Low mood and sadness are normal human emotions – we all feel sad or low at times. We use lots of different words to describe feelings of sadness, including feeling blue, unhappy, down or flat. Experiencing the occasional low mood or sadness is normal and nothing to worry about.
Depression is diagnosed when symptoms of sadness and low mood are severe, happen too often, and affect a person’s ability to live the life they want.
When we experience low mood or sadness, we are often affected by three types of symptoms; unhelpful thoughts, physical symptoms and unhelpful behaviours.
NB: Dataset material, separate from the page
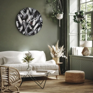 Model má kulatý tvar o rozměrech 30x30 cm a je vyroben ze skleněného povrchu, který kompozici dodává elegantní lesk a zdůrazňuje kontrast černé a bílé. Skleněný panel chrání grafiku a nástěnné hodiny vypadají moderně a profesionálně, přitahují pozornost a obohacují interiér.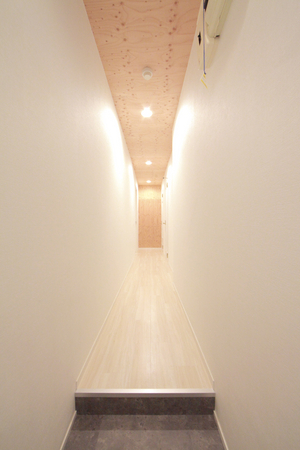 ■コンセプト文 木とコンクリート。自然と人工物という正反対の素材が融合したお部屋です。全体的に彩度を落とした空間にRCの天井の組み合わせが、クールで冷たい雰囲気が漂うのではないかと思われるかもしれませんが、アクセントに自然の木をあしらうことで、どこかぬくもりのある落ち着いた空間を演出しています。木以外の色をなくすことで木の優しい色が一層際立ち、ここで過ごす人が優しい気持ちになれる、そんなお部屋です。

There are differences between experiencing occasional feelings of sadness and having depression. It is good to know these differences so we can recognise them in ourselves or a loved one and seek help when appropriate. It is important to remember that depression should only be diagnosed by a registered and experienced health professional. Depression can also occur together with an anxiety disorder, which can make it harder to recover.
About 1 million Australians experience depression each year. Many more people have less severe symptoms which affect the quality of their life.
If you would like to know more about your emotional wellbeing or whether you have symptoms of depression, you can take our short quiz. Your results will not be shared with anyone.
Depression is diagnosed when symptoms of low mood and sadness:
Depression is a serious condition
Depression often makes us feel hopeless and helpless and can lead to suicidal thoughts. When people are depressed they may have thoughts of hurting themselves or of ending their life. If you are having such thoughts please urgently contact Lifeline (13 11 14), your GP, another health professional, or your local mental health team or find other services that can help. If you require immediate assistance, dial 000.
We know that depression and depressive symptoms can negatively affect a person’s quality of life. The good news is that depression can be treated. We have worked with thousands of Australians with depression, and our results show that people’s symptoms often reduce by half after treatment.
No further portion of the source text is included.